▸ **Problem requirements**: Within the records below, find the line with "1 Site 3 - Proposed Ninth Floor Plan 1 : 200" and the line with "Cable gland, Pg", then reproduce exactly those two lines and all lines between them, without any picture.

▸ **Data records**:
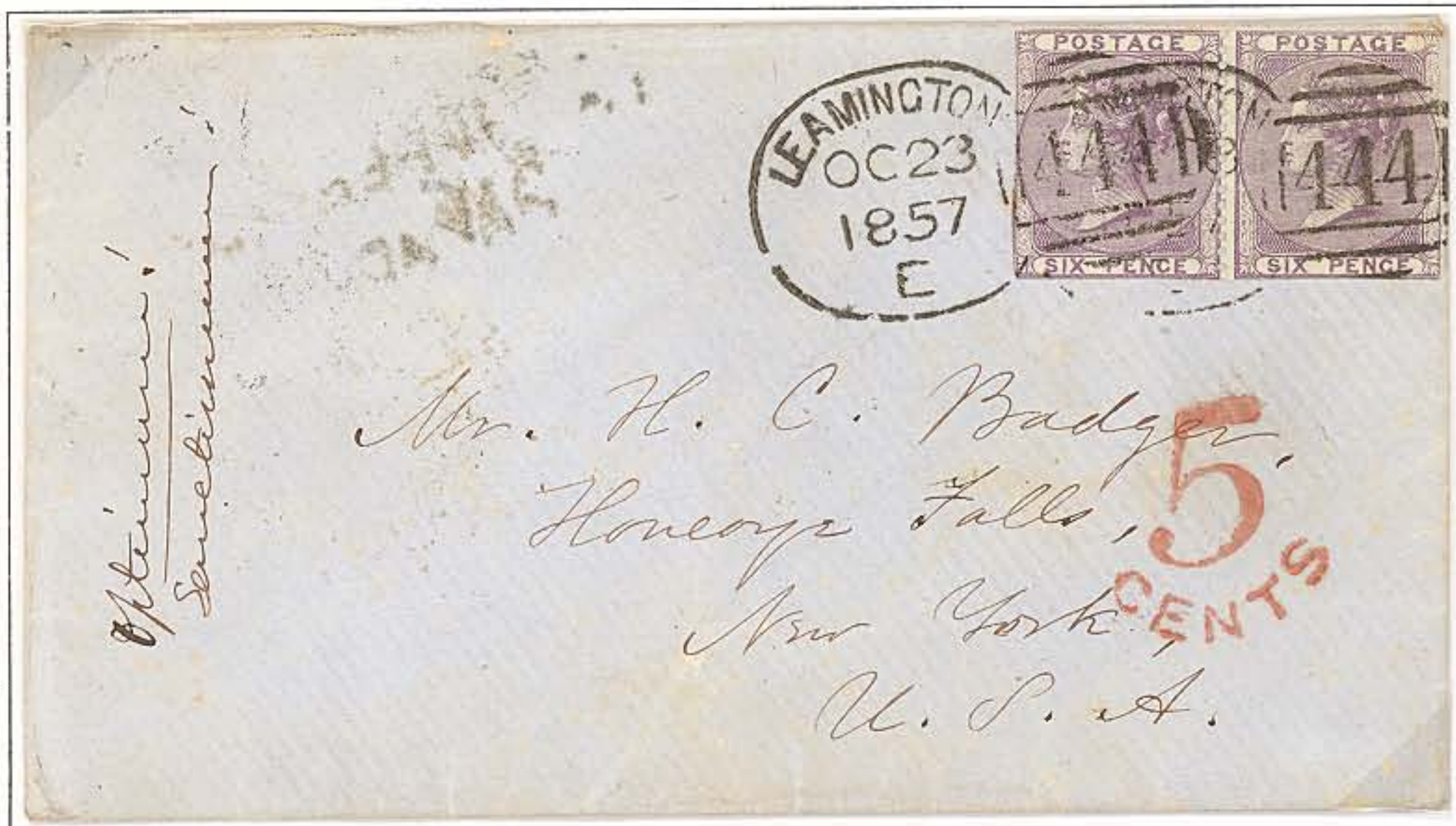
Envelope: Leamington, England to Honeoye, New York, 23 October 1857

1849–1867 15 February 1849–31 December 1867
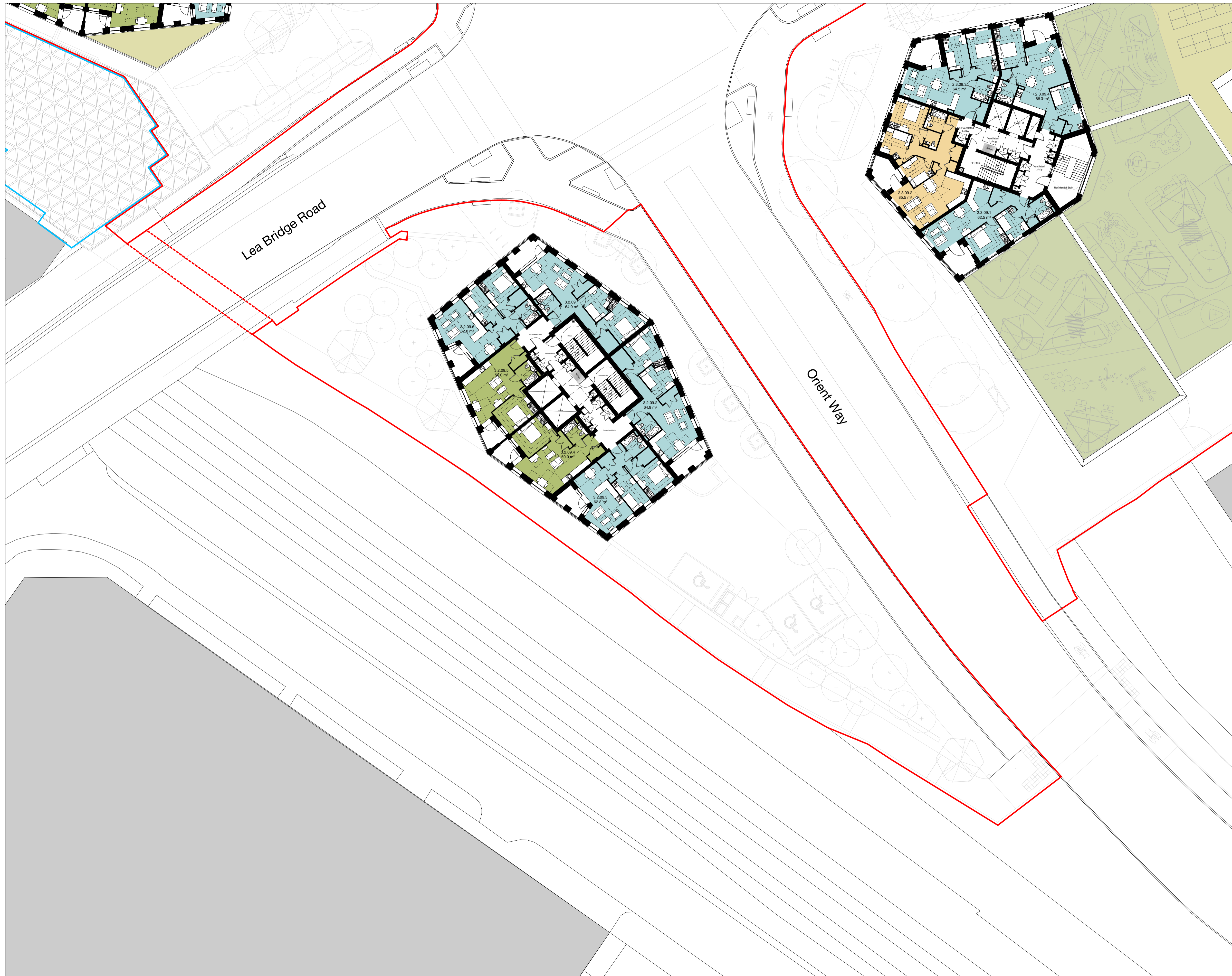
1 Site 3 - Proposed Ninth Floor Plan 1 : 200

Copyright Hawkins\Brown Architects No implied licence exists. This drawing should not be used to calculate areas for the purposes of valuation. Do not scale this drawing. All dimensions to be checked on the site by the contractor and such dimensions to be their responsibility. All work must comply with relevant British Standards and Building Regulations requirements. Drawing errors and omissions to be reported to the architect. To be read in conjunction with Architect's specification and other consultant information.
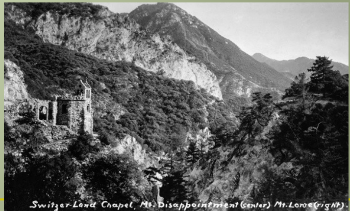
Switzer-Land Chapel, Mt. Disappointment (center) Mt. Lowe (right).
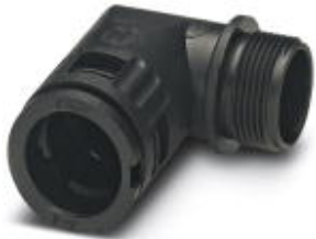
Cable gland, Pg thread, IP66 protection, angled

Please be informed that the data shown in this PDF Document is generated from our Online Catalog. Please find the complete data in the user's documentation. Our General Terms of Use for Downloads are valid ( http://phoenixcontact.com/download )

▸ **Exercise result**:
1 Site 3 - Proposed Ninth Floor Plan 1 : 200

Copyright Hawkins\Brown Architects No implied licence exists. This drawing should not be used to calculate areas for the purposes of valuation. Do not scale this drawing. All dimensions to be checked on the site by the contractor and such dimensions to be their responsibility. All work must comply with relevant British Standards and Building Regulations requirements. Drawing errors and omissions to be reported to the architect. To be read in conjunction with Architect's specification and other consultant information.
Switzer-Land Chapel, Mt. Disappointment (center) Mt. Lowe (right).
Cable gland, Pg thread, IP66 protection, angled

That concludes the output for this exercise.